Harriet Durham ißt mit ihrer Familie Schweinskoteletts.
Carl Smith, seit 1957 Witwer, sitzt vor einer gekochten Kartoffel und einer Flasche Bier. Die Familie Derek Boddins verzehrt gekochten Schinken mit Karfiol. Pfui Teufel, sagt Richie Boddin, der geschlagene Rauferkönig, Karfiol. Du ißt das auf, oder ich werde dir den Hintern versohlen, sagt Derek. Auch er haßt nämlich Karfiol.
Reggie und Bonnie Sawyer verzehren ein Stück Roastbeef mit Pommes Chips und einen Schokoladepudding zum Nachtessen.
Das ist Reggies Lieblingsmenu. Bonnie, deren blaue Flecken allmählich verschwinden, serviert mit niedergeschlagenen Augen. Reggie ißt mit ernster Konzentration und spült die Mahlzeit mit drei Flaschen Bier hinunter. Bonnie ißt stehend, weil ihr das Sitzen immer noch weh tut. Sie hat nicht viel Appetit, ißt aber dennoch, damit es Reggie nicht auffällt und damit er keine Bemerkungen macht. Nachdem er sie in jener Nacht windelweich geschlagen hatte, warf er alle ihre Medikamente in die Toilette und vergewaltigte sie. Seither vergewaltigte er sie jede Nacht.
Ein Viertel vor neunzehn Uhr sind die meisten Mahlzeiten vertilgt, die meisten Zigaretten und Pfeifen geraucht, die meisten Tische abgeräumt. Geschirr wird gewaschen, Kinder werden ins Bett gesteckt oder vor den Fernsehschirm geschickt.
Gegen neunzehn Uhr wird der Horizont im Westen zu einer orangeroten Linie, als türmten sich Hochofenfeuer am Rand der Welt. Im Osten sind bereits die ersten Sterne aufgegangen.
In dieser Jahreszeit sind sie hart und mitleidslos, kein Trost für Liebende. Sie leuchten in schöner Gleichgültigkeit.
Für die Kleinen ist es Zeit zum Schlafengehen. Eltern lächeln über die Bitten, noch aufbleiben zu dürfen oder das Licht brennen zu lassen; gutmütig öffnen sie Schranktüren, um zu beweisen, daß niemand dahinter ist.
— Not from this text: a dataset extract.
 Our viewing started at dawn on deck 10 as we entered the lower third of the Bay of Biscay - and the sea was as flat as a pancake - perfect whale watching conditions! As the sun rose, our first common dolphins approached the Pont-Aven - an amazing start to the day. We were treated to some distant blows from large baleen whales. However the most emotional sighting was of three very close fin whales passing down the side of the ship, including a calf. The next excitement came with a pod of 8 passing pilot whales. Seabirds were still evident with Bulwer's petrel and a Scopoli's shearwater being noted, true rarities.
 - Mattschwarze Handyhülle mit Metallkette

Und überall um sie herum erhebt sich auf dunklen Schwingen das nächtliche Grauen. Die Zeit der Vampire ist angebrochen.
Matt döste vor sich hin, als Jimmy und Ben hereinkamen. Fast augenblicklich war Matt wach, und seine Hand schloß sich enger um das Kreuz, das er in der Rechten hielt.
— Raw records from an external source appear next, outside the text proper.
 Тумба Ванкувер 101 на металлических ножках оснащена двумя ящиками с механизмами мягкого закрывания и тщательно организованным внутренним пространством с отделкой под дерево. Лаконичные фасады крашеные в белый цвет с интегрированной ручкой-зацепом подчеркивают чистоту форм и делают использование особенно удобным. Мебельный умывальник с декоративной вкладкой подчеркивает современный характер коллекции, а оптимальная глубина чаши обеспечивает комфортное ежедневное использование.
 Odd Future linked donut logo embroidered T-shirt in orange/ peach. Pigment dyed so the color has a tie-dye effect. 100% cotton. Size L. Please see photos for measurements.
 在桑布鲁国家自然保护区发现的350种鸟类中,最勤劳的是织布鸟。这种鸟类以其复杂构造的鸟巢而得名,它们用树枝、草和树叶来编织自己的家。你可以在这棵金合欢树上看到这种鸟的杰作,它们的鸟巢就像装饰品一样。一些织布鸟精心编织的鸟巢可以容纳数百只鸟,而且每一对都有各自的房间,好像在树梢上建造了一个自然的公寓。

Sein Blick ging zu Jimmy, dann zu Ben ... und blieb haften.
»Was ist geschehen?«
Jimmy berichtete. Ben schwieg.
»Ihre Leiche?«
»Callahan legte sie mit dem Gesicht nach unten in eine Kiste, die im Keller stand; vielleicht war es dieselbe, in der Barlow in die Stadt kam. Vor einer Stunde warfen wir sie, mit Steinen beschwert, in den Royal River. Wir nahmen Strakers Auto.
Wenn es jemand an der Brücke stehen sieht, wird man es mit ihm in Verbindung bringen.«
»Gut gemacht. Wo ist Callahan? Und der Junge?«
»Sie sind zu Marks Haus gegangen. Seine Eltern müssen informiert werden. Barlow hat seine Drohung ausdrücklich gegen sie gerichtet.«
»Werden sie den beiden glauben?«
»Wenn nicht, wird Mark seinen Vater veranlassen, hier anzurufen.«
Matt nickte. Er sah sehr erschöpft aus.